Cboe Europe Derivatives and Flow Traders Discuss European Derivatives Markets
Iouri Saroukhanov, Head of European Derivatives at Cboe Europe, and Joran Zoutendijk, Equity Derivatives Trader at Flow Traders, discuss the market structure differences between the U.S. and European futures markets.
The highly liquid nature of U.S. derivatives markets, with multiple competing exchanges and participation from both the institutional and retail trading communities, has led to a steady increase in volumes over the last decade. By contrast, European activity has stagnated against the backdrop of a market structure which has limited on-screen liquidity and hasn’t attracted retail investors in the same way the U.S. markets have experienced. Cboe Europe Derivatives, a pan-European equity derivatives exchange was launched in 2021 to help bridge the gap between the two regions and systemically grow the European market.
Source: WFE, FIA, OCC and Cboe Global Markets data
Joran, how would you characterise the European equity derivatives market and why volumes have been subdued?
The European derivatives landscape is fragmented along national boundaries with several vertically integrated exchanges, each with their own regional products. The result is minimal competition and higher costs for participants that are looking to gain exposure to equities on a pan-European basis. Furthermore, much of the trading in European derivatives is pre-arranged and brought onto exchange for reporting purposes. This has resulted in limited on-screen liquidity and is historically what has dissuaded participants from entering the European market, particularly retail investors and those who are based in the U.S., accustomed to highly liquid markets.

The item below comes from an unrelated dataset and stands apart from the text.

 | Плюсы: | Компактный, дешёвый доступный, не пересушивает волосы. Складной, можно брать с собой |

At Flow Traders, we look at the markets as a whole. We leverage our expertise across cash equity and derived products, which enables us to provide liquidity on-screen through our tight bid/ask spreads and therefore providing that extra layer of transparency needed to grow the appetite in the European market. In addition, our algorithms and robust risk management allow us to add meaningful depth to the markets, accommodating retail and institutional flow. Given our focus, we believe that Europe is ready for further transition towards electronic markets and are encouraged at the efforts being made to improve the on-screen picture in European markets.

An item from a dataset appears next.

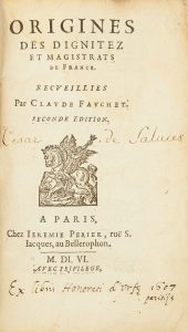 FAUCHET (Cl.). Origines des dignitez et magistrats de France… – Origines des chevaliers, armoiries et héraux. Paris, J. Perier, 1606, 2 ouvrages en un vol. in-8°, vélin rigide, dos lisse, tranches lisses, traces de liens (reliure de l’époque).

Iouri, how is CEDX attempting to improve European derivatives market?
One of CEDX’s key value proposition is that we are a genuinely pan-European marketplace. Through a single connection to CEDX and Cboe Clear Europe, participants can gain derivatives exposure to equites listed across all major European countries. Currently, participants have to connect to multiple different European exchanges and clearing houses for a similar level of exposure, which is inefficient, costly from an operational perspective and does not allow for optimisation of collateral. We enable participants to access a vibrant equity derivatives market through a single access point, creating efficiencies in connectivity, trading, clearing and market data. Our other big focus is on creating a deep and liquid on-screen market for European equity derivatives. A central limit order book sits at the core of the CEDX offering and is promoted through attractive incentive programmes and in-built protections for market-makers. Additional functionality, aimed at supporting price discovery and price improvement, include automated price improvement auctions (options market only), which guarantees a client a fill at a pre-agreed price, but allows for price improvement from competing participants.

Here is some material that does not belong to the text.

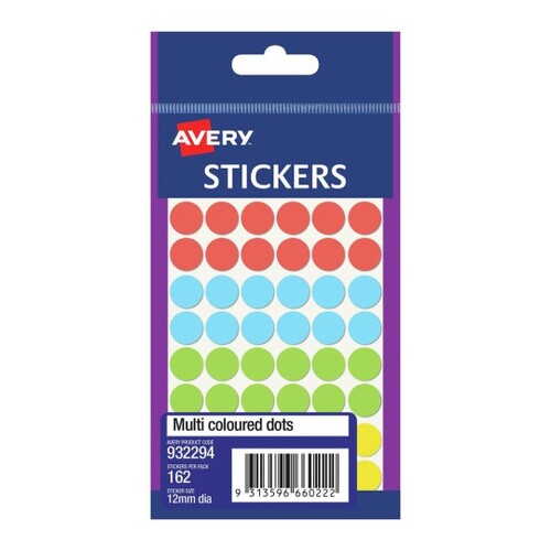 Avery Assorted Dots 12mm Pk162 Bx10 are a convenient way to label all sorts of different items quickly and easily. Hand writeable with permanent adhesive. Available in resealable handipacks.

CEDX is initially offering index derivatives based on select Cboe Europe Indices single country and pan-European indices. These indices are checked daily to monitor for compliance with CFTC and SEC rules on broad-based indices, ensuring they are eligible for qualified U.S. investors. This allows us to broaden our base of participants, promoting a diverse marketplace. We are expanding into pan-European single stock options later this year, subject to regulatory approvals.
Joran, how does the European market benefit from the CEDX offering and can you elaborate on the importance of a diverse set of participants in the market?
We very much view the CEDX exchange as a welcome addition to the European equity derivatives landscape. This exchange provides an opportunity for investors to improve the implementation of pan-European trading strategies and risk management procedures in a more cost-effective and efficient way.
The CEDX structure has lowered barriers to entry through lowering costs and improving connectivity efficiencies. As Iouri mentioned, all CEDX futures are based on indices that are monitored daily to ensure eligibility for qualified U.S. investors. These factors will help create a more liquid, diversified, and competitive market for European derivatives, ultimately benefiting all participants.
Iouri, how would you assess the development of CEDX to date?
We are happy with our progress to date. Volumes are growing – including record volumes in January - we are adding new participants and our price pictures continues to improve, particularly for index futures products. Overall, Cboe’s strong European cash equities presence – we are the largest stock exchange by market share – gives us a lot of credibility as we continue to build out our index contacts and prepare for the launch of equity options. Our cash equities market produces robust and high-quality market data which Cboe Europe Indices are based on. These indices are transparently designed and managed under a uniform set of rules and perform closely in line with comparable benchmarks. They are a highly cost-effective solution and from the participant point of view means we have a uniform set of index derivatives which are all designed the same way. It is important to reiterate that CEDX is at the start of its journey, it takes time for new initiatives of this type to gain traction and we are committed to making it work over the shortest timeframe possible.
Disclaimer: This information is not being provided as part of an offer or sale of any futures or options products to any persons located within the United States.